= Beginning of Section =

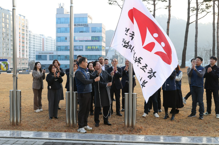 고흥군 노사, 전남 최초 노조 깃발 청사 게양 2025.12.23 14:55
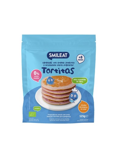 Mezclar 4 cucharadas de producto con 50 ml de bebida (leche de vaca, materna, fórmula, agua o bebida vegetal) y 1 cucharadita de aceite para formar una tortita. Recomendamos ajustarlo según sea necesario. Mezclar hasta conseguir una masa consistente y dejar reposar un minuto. Cocina en una sartén caliente a fuego medio hasta que aparezcan burbujas o hasta que se dore. Repetir por el otro lado y listo.
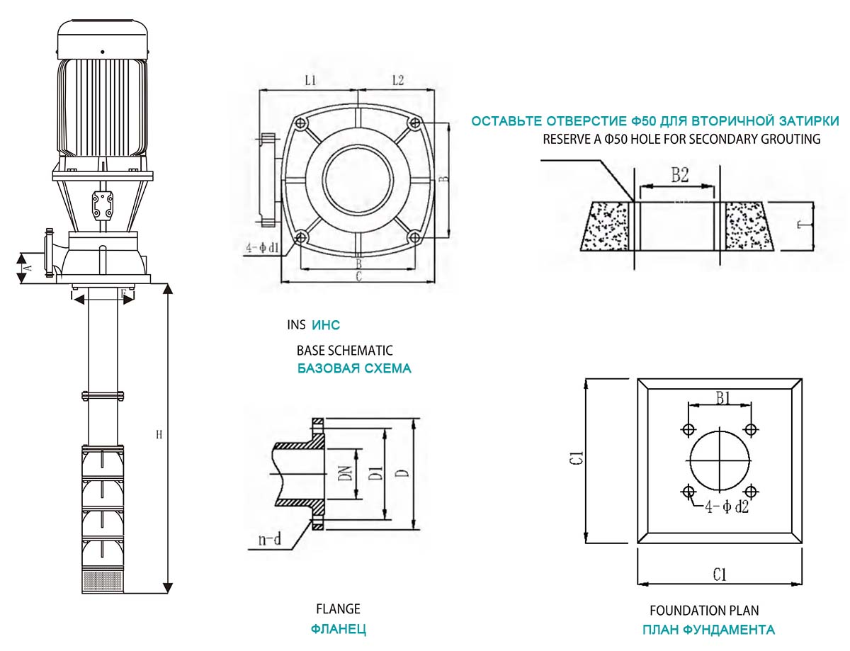 | 40-80L/S | L'eau est profonde | 180 | f305 | 310 | 223 | 310 | 450 | 4-Φ22 | 285 | 240 | 150 | 8-Φ22 | 700 | 310 | Φ310 | 300 | 4-Φ50 |
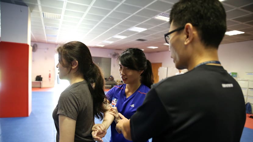 TODAY journalist Kelly Ng seen learning how to handcuff during the basic police defence tactics training.
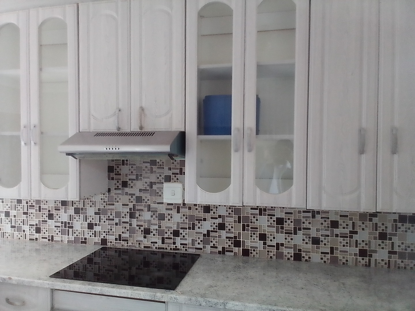 The functional kitchen is equipped with white upper and lower cabinetry, a modern mosaic tile backsplash, and includes an integrated hob, oven, and a range hood for convenient cooking. A double stainless steel sink and ample counter space, alongside provisions for a large refrigerator, complete this essential area. While presenting an opportunity for a personal touch, the kitchen remains a central hub for daily activities. The property also benefits from tiled flooring throughout and neutral wall colours, offering a clean canvas for tenants.
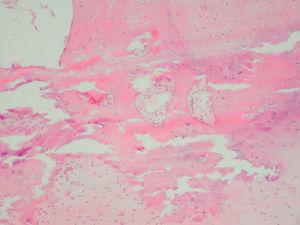 Se realizó toma de biopsia incisional en polo superior de hélix demostrándose en el estudio anatomopatológico degeneración fibrilar del cartílago, áreas de calcificación y metaplasia ósea (fig. 2). En la analítica general, que incluyó calcio, fósforo, fosfatasa alcalina, hormona paratiroidea y cortisol basal, no se observaron alteraciones.
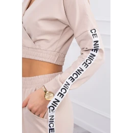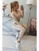 Představujeme vám sadu mikiny a kalhot. Mikina a kalhoty mají ozdobnou stuhu s nápisem. Ve spodní části mikiny je všitá guma. Kalhoty s kapsami. Velmi módní a stylová sada. Sada je vyrobena z vysoce kvalitního materiálu. Velikost je univerzální a vyhovuje dámám velikosti S, M nebo L.
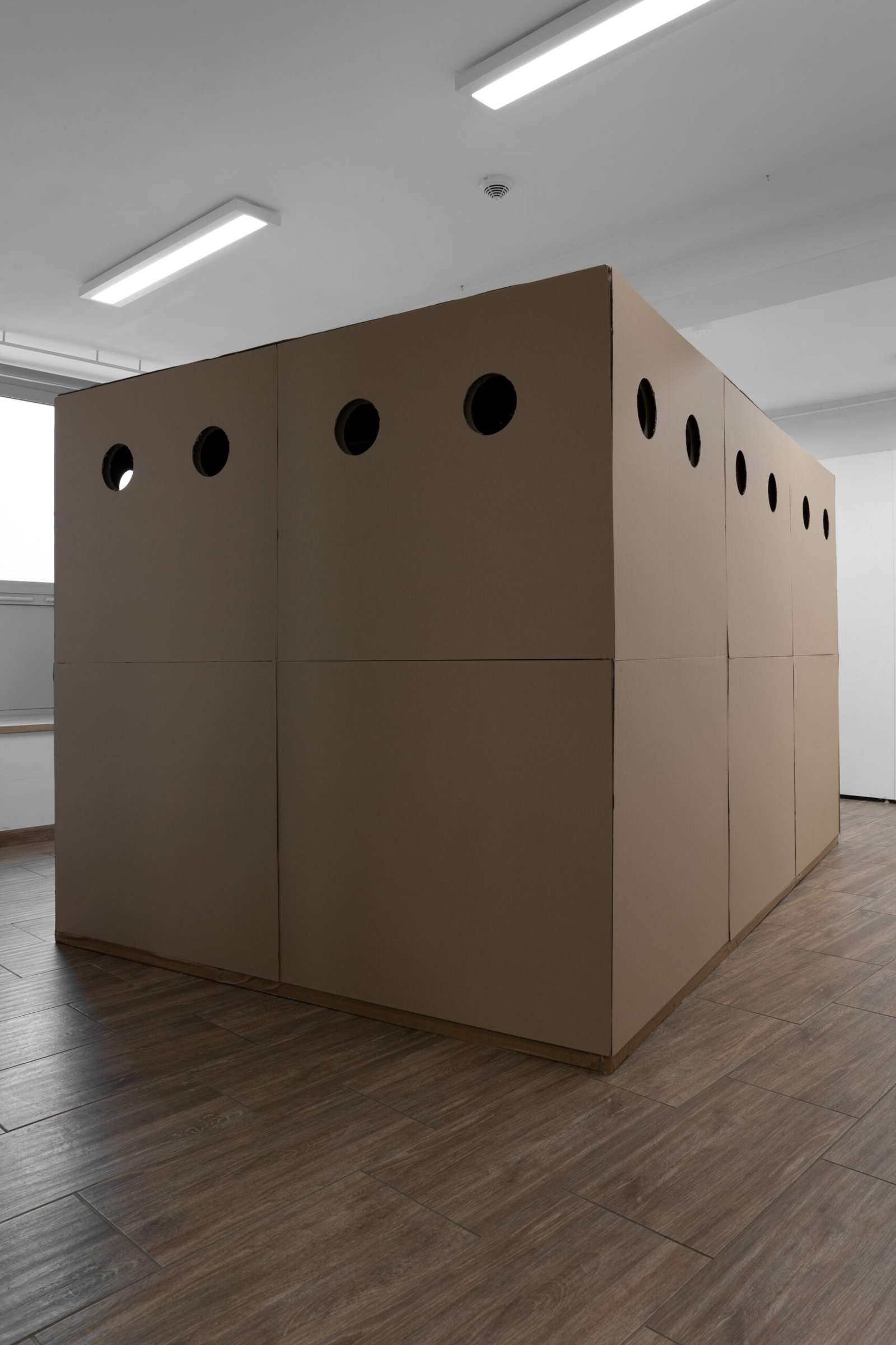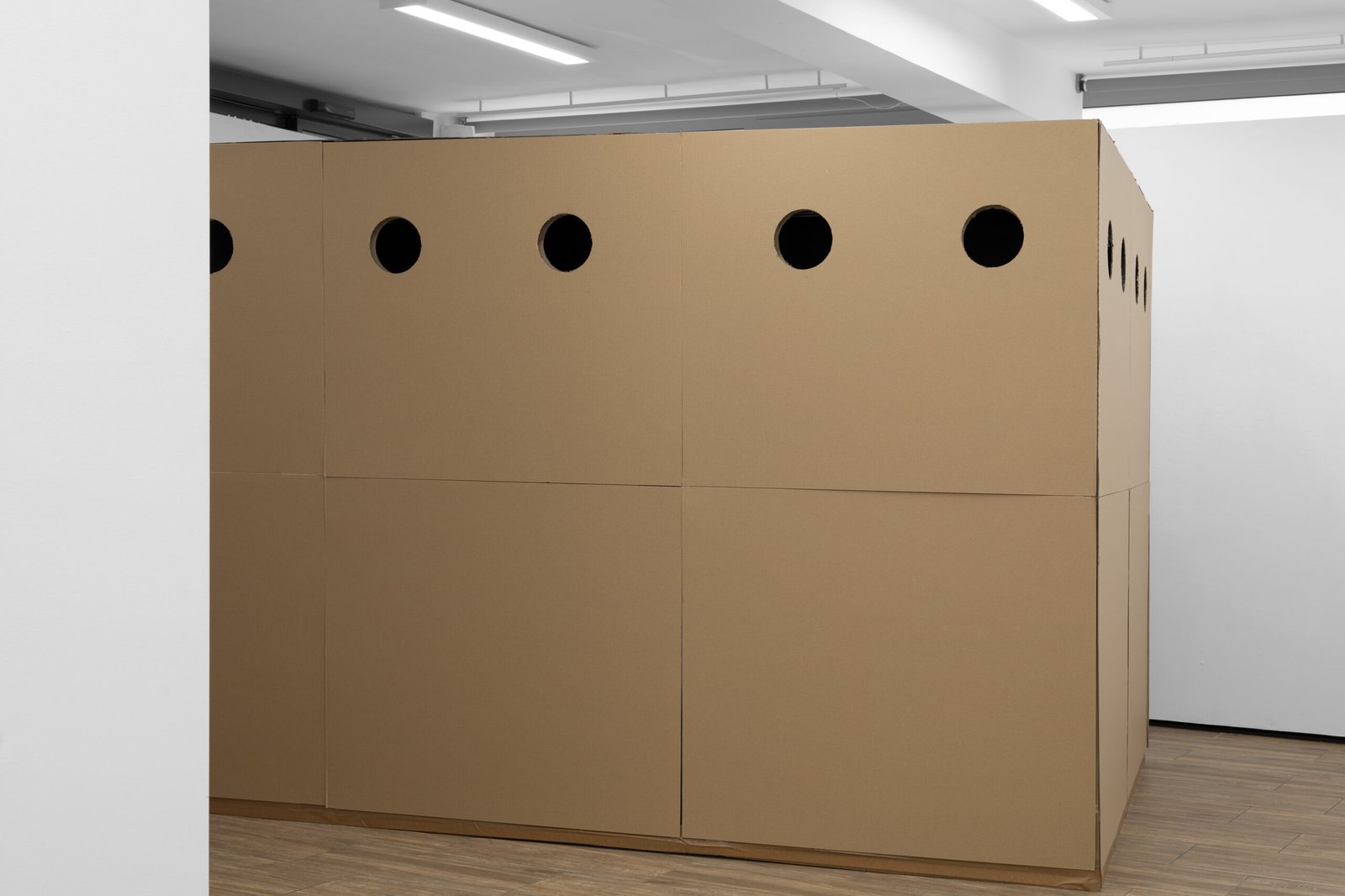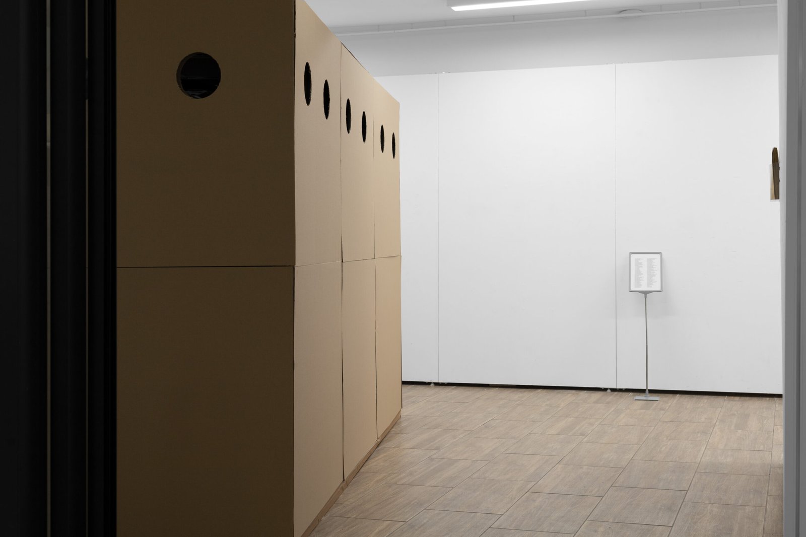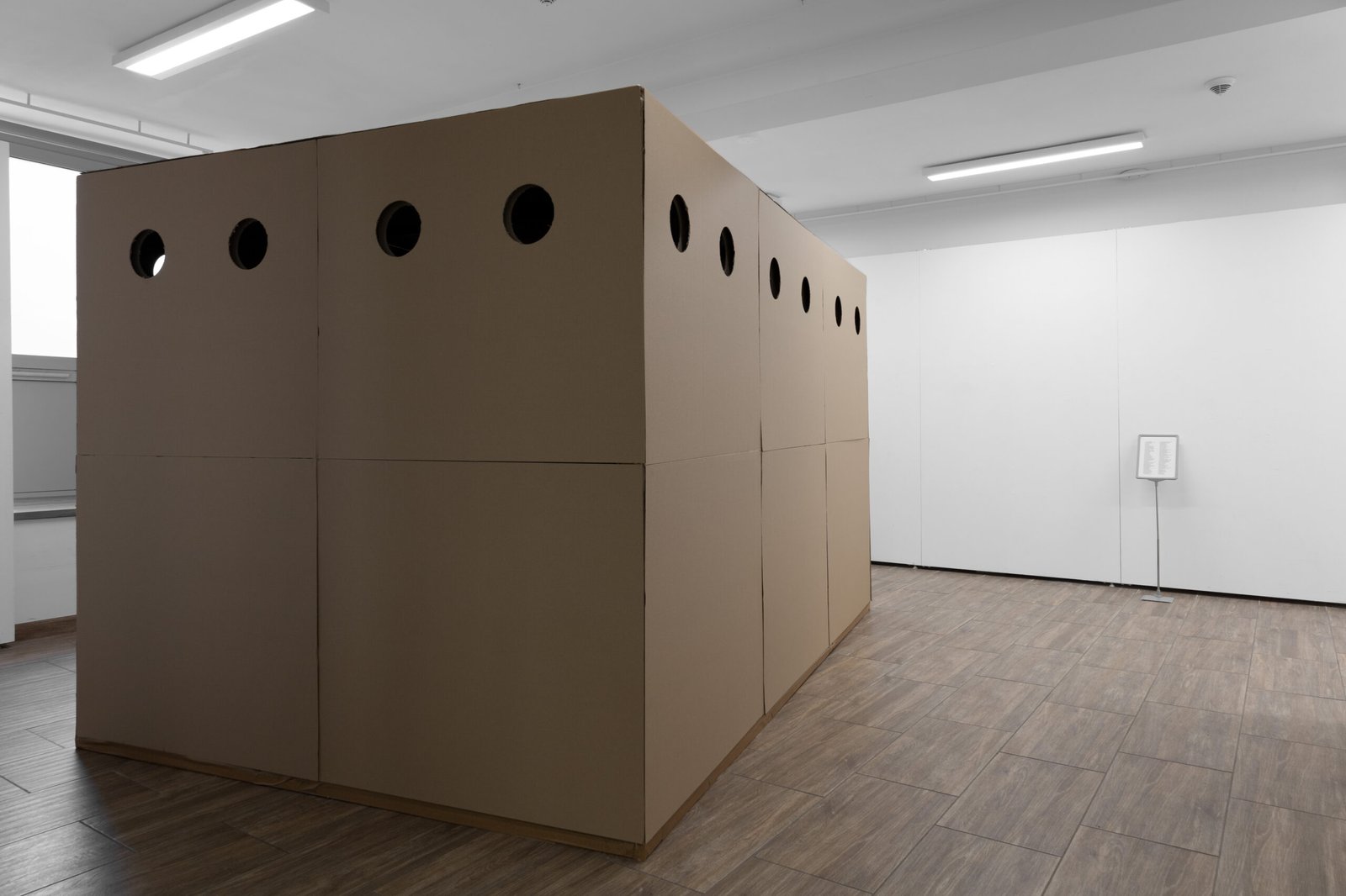 The contemporary phase of art, defined by Jerzy Ludwiński as the processual construction of mental structures, finds its realization here on a 1:1 scale. In line with Stephen Wright’s postulate of “low ontological intensity,” the large-scale form in the exhibition space infiltrates the logistical order, abandoning representation in favor of a real-world establishment of the transport situation. This presence, however, isn’t for visual dominance, but rather for marking a physical boundary, forcing a strategy of “using the interstices.”

= End of Section =

> [Description of the task]:
Give again the stretch of lines above from the one with "300 | 4-Φ50 |" through the one with "TODAY journalist Kelly", both ends kept, and copy no pictures.

> [Response]:
 | 40-80L/S | L'eau est profonde | 180 | f305 | 310 | 223 | 310 | 450 | 4-Φ22 | 285 | 240 | 150 | 8-Φ22 | 700 | 310 | Φ310 | 300 | 4-Φ50 |
 TODAY journalist Kelly Ng seen learning how to handcuff during the basic police defence tactics training.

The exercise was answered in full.